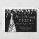 La conception élégante d'invitation de partie de pendaison de crémaillère de vacances avec l'arbre de Noël argenté allume le motif, le nom et la date faite sur commande et le texte supplémentaire
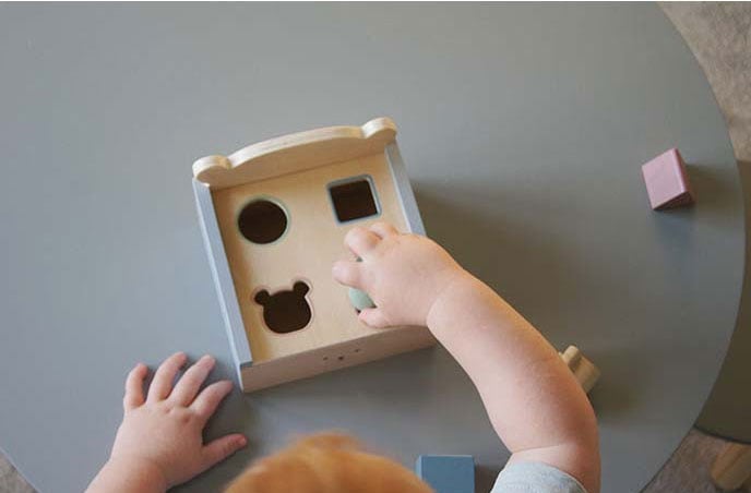 Една от най-добрите образователни играчки – дървена кутия с различни форми!
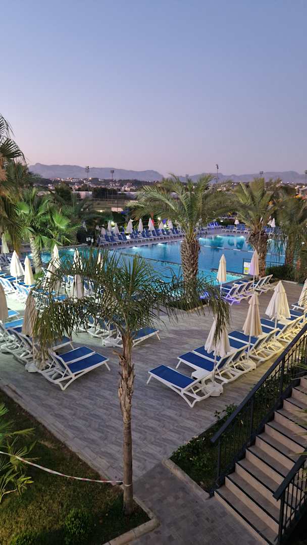 Von der Terrasse Blick auf einen Pool
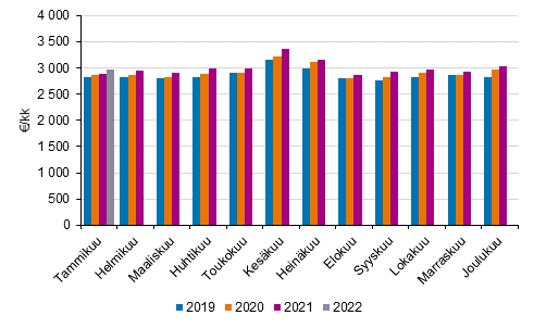 Kuvio 1. Palkka- ja palkkiotulojen mediaani kuukausittain 2019–2022
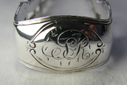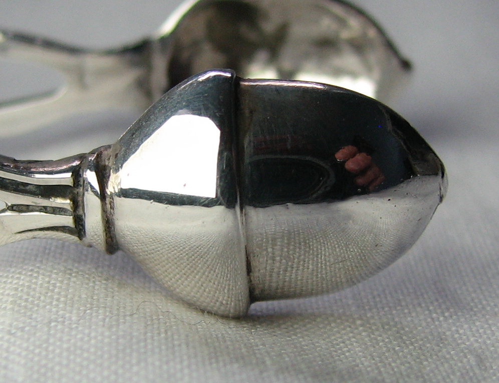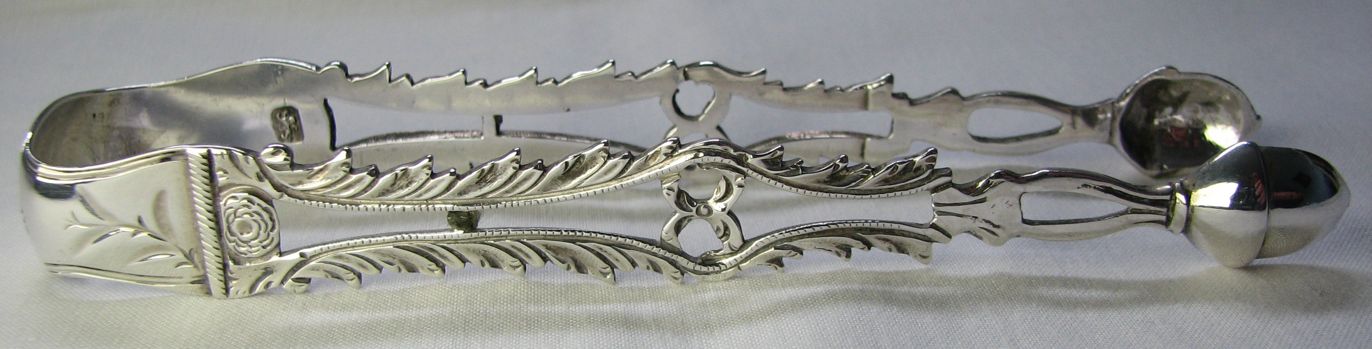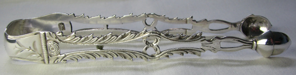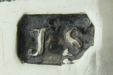 John Scofield was a renowned Plate-worker. His surname is often spelled "Schofield" but his signature has no "h" in it. His first mark was enetered as a plate-worker, in partnerhsip with Robert Jones, on 10th February 1776. He then entered a second mark, alone on 13th January 1778. Although he is well known for his candle-sticks and candelabra, there appears to be no other maker registered with the initials of "JS" around this time. I have therefore attributed these tongs to John Scofield, although, as always, I could be wrong. These tongs are cast tongs, and of the expected style for the late 1770's. I have therefore dated them at around 1778, when he registered his fiorst mark alone. Click on any picture to enlarge |
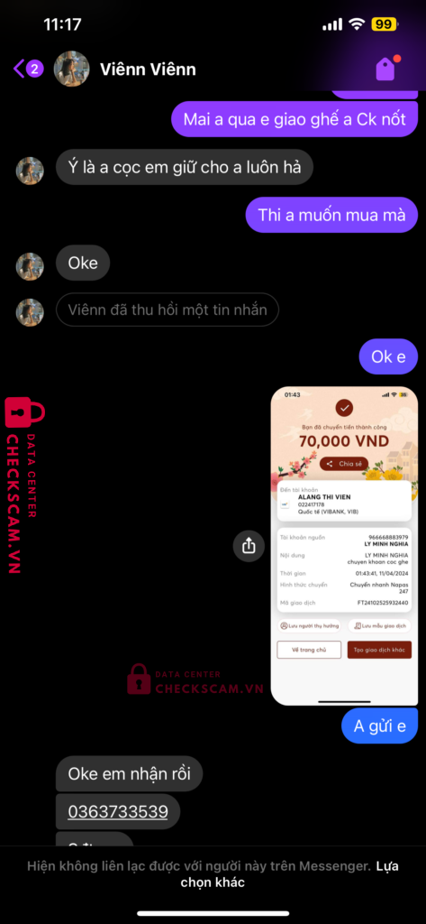 Ban Viên Viênn nay có rao bán đồ thanh lý trên hoi nhóm. Mình có chuyển khoản cọc và hiện tại không liên lạc được nữa. Mong add xem xét và có biện pháp để tránh nhiều người khác bị lừa
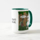Una taza con un personalizado gracioso sobre el cambio climático. La imagen, el fondo y el texto se pueden personalizar. Obra de arte original de DBcartoons.
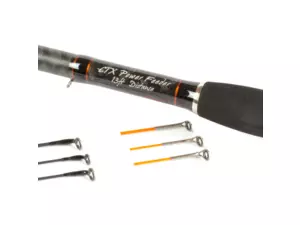 CTX Power feedery jsou stavěné především na větší jezera a řeky, nebo na daleké nahazování s velkými zátěžemi. Zachovávají si přitom skvělé vlastnosti jemnějších feederů, zdolávání si tak krásně užijete. Jsou postavené na blankách CTX s většími očky (včetně těch na chvějivé špičce), díky čemuž můžete použít i šokáč, či šňůru. Mají navíc i prodlouženou rukojeť pro extra dlouhé hody. V nabídce naleznete 2- a 3-dílné modely, přičemž dvoudílné se dělají v délkách 11‘, 12’ a 13’, trojdílné pak v délkách 12‘, 13’ a 14’. Pruty s označením Special jsou více univerzální a poradí si velmi dobře s různými podmínkami lovu. Lehce silnější modely Distance jsou pak ty pravé speciály pro potřeby dalekých hodů. Třídílný CTX Multi Power feeder je univerzální třídílný feeder se zátěží 30 až 60g. Samozřejmostí je bezlaková úprava prutů, 3 různé chvějivé špičky a nejkvalitnější komponenty. Rukojeť je korková, očka KIgan Anti-frap, sedlo Fuji VSS. Pruty jsou v kvalitních obalech, nahoře i dole uložené do neoprénových chrániček. Chvějivé špičky jsou značeny v oz (unce) a jsou z carbonu. CTX Power Feeder 11’ Special 2d. H 188g, Z 80g, F 1, 1,5, 2 CTX Power Feeder 12’ Special 2d. H 218g, Z 120g, F 2, 3, 4 CTX Power Feeder 12’ Distance 2d. H 235g, Z 160g, F 2,5, 3,5, 5 CTX Power Feeder 13’ Special 2d. H 245g, Z 120g, F 2, 3, 4 CTX Power Feeder 13’ Distance 2d. H 272g, Z 160g, F 2,5, 3,5, 5 CTX Multi Power Feeder 12’ 3d. H 200g, Z 60g, F 2, 2,5, 3 CTX Power Feeder 13’ Special 3d. H 241g, Z 120g, F 2, 3, 4 CTX Power Feeder 13’ Distance 3d. H 264g, Z 160g, F 2,5, 3,5, 5 CTX Power Feeder 14’ Special 3d. H 258g, Z 120g, F 2, 3, 4 CTX Power Feeder 14’ Distance 3d. H 275g, Z 160g, F 2,5, 3,5, 5 H - Hmotnost kompletního prutu včetně oček. Z - Maximální doporučená zátěž pro nahazování. F – Síla a materiál Feeder špiček. G – sklolaminát, bez označení - carbon

====================

### THE PROBLEM
Please reproduce the records above exactly and leave any picture behind.

### WRITTEN REPLY
 La conception élégante d'invitation de partie de pendaison de crémaillère de vacances avec l'arbre de Noël argenté allume le motif, le nom et la date faite sur commande et le texte supplémentaire
 Една от най-добрите образователни играчки – дървена кутия с различни форми!
 Von der Terrasse Blick auf einen Pool
 Kuvio 1. Palkka- ja palkkiotulojen mediaani kuukausittain 2019–2022
 John Scofield was a renowned Plate-worker. His surname is often spelled "Schofield" but his signature has no "h" in it. His first mark was enetered as a plate-worker, in partnerhsip with Robert Jones, on 10th February 1776. He then entered a second mark, alone on 13th January 1778. Although he is well known for his candle-sticks and candelabra, there appears to be no other maker registered with the initials of "JS" around this time. I have therefore attributed these tongs to John Scofield, although, as always, I could be wrong. These tongs are cast tongs, and of the expected style for the late 1770's. I have therefore dated them at around 1778, when he registered his fiorst mark alone. Click on any picture to enlarge |
 Ban Viên Viênn nay có rao bán đồ thanh lý trên hoi nhóm. Mình có chuyển khoản cọc và hiện tại không liên lạc được nữa. Mong add xem xét và có biện pháp để tránh nhiều người khác bị lừa
Una taza con un personalizado gracioso sobre el cambio climático. La imagen, el fondo y el texto se pueden personalizar. Obra de arte original de DBcartoons.
 CTX Power feedery jsou stavěné především na větší jezera a řeky, nebo na daleké nahazování s velkými zátěžemi. Zachovávají si přitom skvělé vlastnosti jemnějších feederů, zdolávání si tak krásně užijete. Jsou postavené na blankách CTX s většími očky (včetně těch na chvějivé špičce), díky čemuž můžete použít i šokáč, či šňůru. Mají navíc i prodlouženou rukojeť pro extra dlouhé hody. V nabídce naleznete 2- a 3-dílné modely, přičemž dvoudílné se dělají v délkách 11‘, 12’ a 13’, trojdílné pak v délkách 12‘, 13’ a 14’. Pruty s označením Special jsou více univerzální a poradí si velmi dobře s různými podmínkami lovu. Lehce silnější modely Distance jsou pak ty pravé speciály pro potřeby dalekých hodů. Třídílný CTX Multi Power feeder je univerzální třídílný feeder se zátěží 30 až 60g. Samozřejmostí je bezlaková úprava prutů, 3 různé chvějivé špičky a nejkvalitnější komponenty. Rukojeť je korková, očka KIgan Anti-frap, sedlo Fuji VSS. Pruty jsou v kvalitních obalech, nahoře i dole uložené do neoprénových chrániček. Chvějivé špičky jsou značeny v oz (unce) a jsou z carbonu. CTX Power Feeder 11’ Special 2d. H 188g, Z 80g, F 1, 1,5, 2 CTX Power Feeder 12’ Special 2d. H 218g, Z 120g, F 2, 3, 4 CTX Power Feeder 12’ Distance 2d. H 235g, Z 160g, F 2,5, 3,5, 5 CTX Power Feeder 13’ Special 2d. H 245g, Z 120g, F 2, 3, 4 CTX Power Feeder 13’ Distance 2d. H 272g, Z 160g, F 2,5, 3,5, 5 CTX Multi Power Feeder 12’ 3d. H 200g, Z 60g, F 2, 2,5, 3 CTX Power Feeder 13’ Special 3d. H 241g, Z 120g, F 2, 3, 4 CTX Power Feeder 13’ Distance 3d. H 264g, Z 160g, F 2,5, 3,5, 5 CTX Power Feeder 14’ Special 3d. H 258g, Z 120g, F 2, 3, 4 CTX Power Feeder 14’ Distance 3d. H 275g, Z 160g, F 2,5, 3,5, 5 H - Hmotnost kompletního prutu včetně oček. Z - Maximální doporučená zátěž pro nahazování. F – Síla a materiál Feeder špiček. G – sklolaminát, bez označení - carbon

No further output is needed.